Over 2000 people from central New Zealand who smoke will be invited to join a community-based clinical trial to compared two types of quit smoking medicine. The trial will determine whether the two medicines are at least as effective and safe as each other, and which is the best value for money.
The RAUORA study, run by the researchers at the University of Auckland, in conjunction with the Health Economics Research Group (HERG) at Brunel University London and Lakes District Health Board, aims to see whether two similar medicines, Tabex and Champix, can help people quit smoking. The study focuses on a population with higher than average smoking rates (and consequently higher than average smoking related illness), namely indigenous New Zealanders (Māori) and members of their family. Currently, 3 in 10 Māori smoke – three times more than non-Māori- and so supporting them to quit smoking is a priority of the New Zealand government.
The launch of the trial, and a recruitment promotional video, received high profile coverage in a New Zealand newspaper: http://www.nzherald.co.nz/health/news/article.cfm?c_id=204&objectid=11919646
New Zealand is one of only a handful of countries with a smokefree goal. Associate Professor Natalie Walker, the Lead Investigator from the University of Auckland said, “Our country’s smokefree 2025 goal means that less than 5% of the adult population will be smoking by 2025. No-one should be left behind in our journey to reach this goal, which is why we need to provide extra support for those populations that still have very high rates of smoking."
Both Tabex and Champix help people quit smoking by blocking the effects of nicotine on the brain, which means smoking is less rewarding.
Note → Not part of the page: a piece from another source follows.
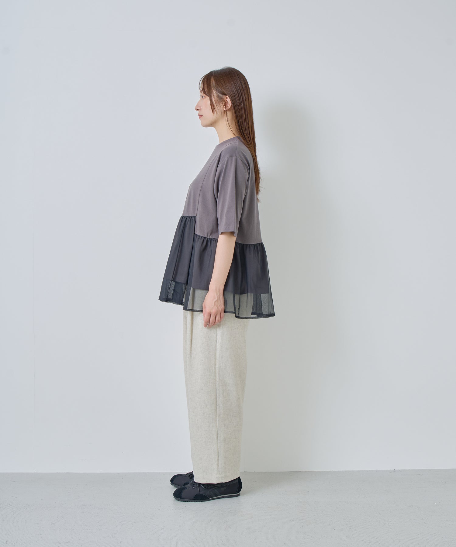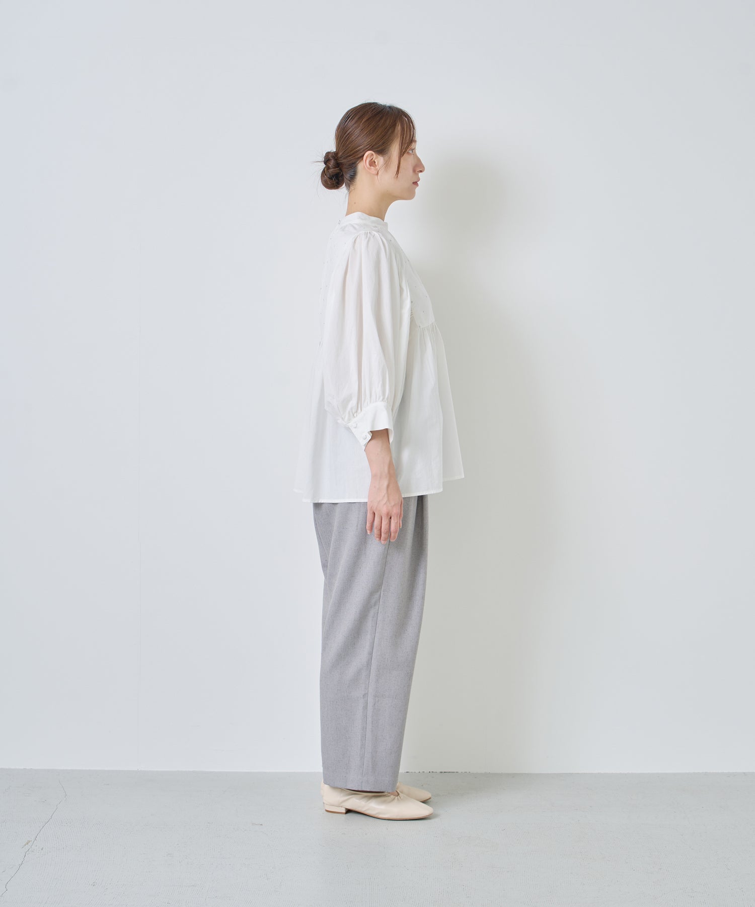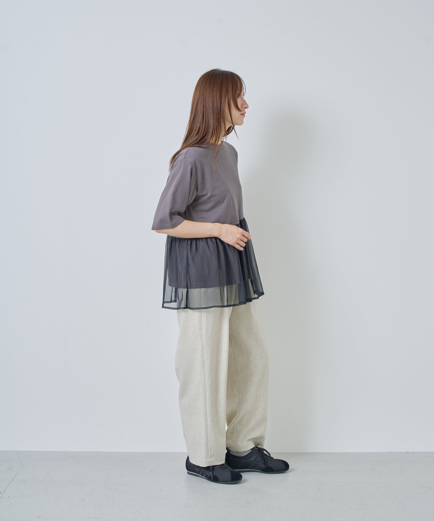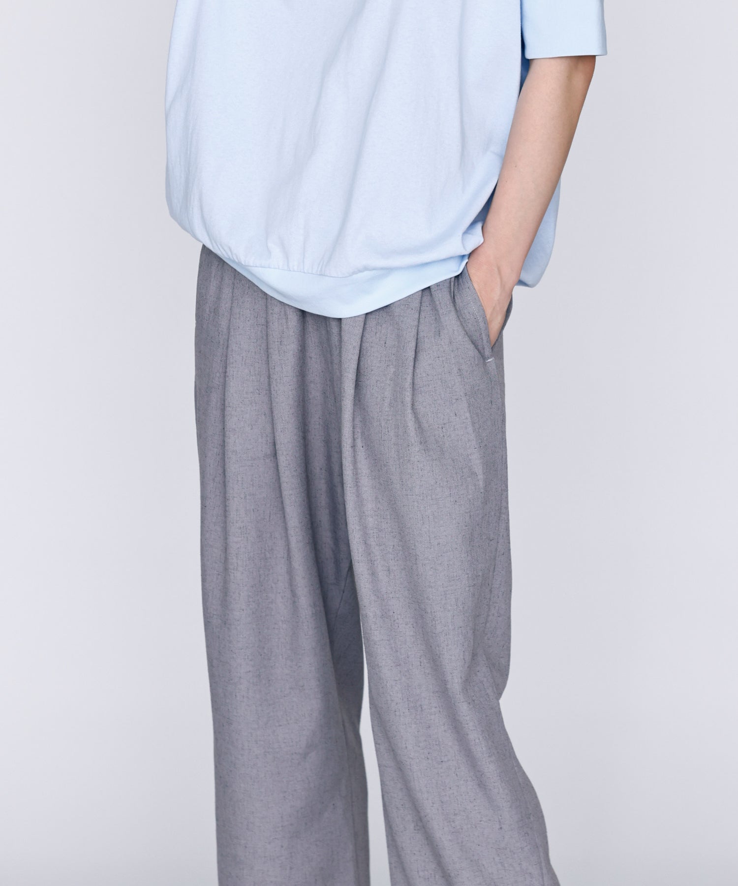 薄すぎない程よい厚みで落ち感があり、シワになりにくいリネン混の素材を使用。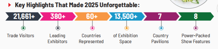 观众数据:双展累计吸引全球超 4.3 万名专业买家,其中 Anuga Select India 接待 21,661 + 名贸易观众,Anuga FoodTec India 迎来 21,875 名专业访客,覆盖 60 + 国家和地区,包括美国、德国、沙特阿拉伯、日本、韩国、新加坡等核心贸易伙伴;

Champix (varenicline) is currently the most effective stop smoking medication available, but is very expensive. Tabex has been available in Eastern and Central Europe for at least 40 years, but is not yet approved for use in New Zealand. Tabex contains a chemical called cytisine, which is from a plant called the Golden Rain. Cytisine is found in many plants around the world, including plants in New Zealand.
“Cytisine as a smoking cessation medication, is cheaper than varenicline,” said HERG’s Dr Subhash Pokhrel. “But we don’t know whether one medicine is better than the other, or whether they are equally good at helping people to give up smoking. This study will also help us establish whether cytisine is as cost-effective as varenicline at improving the health of this priority population”.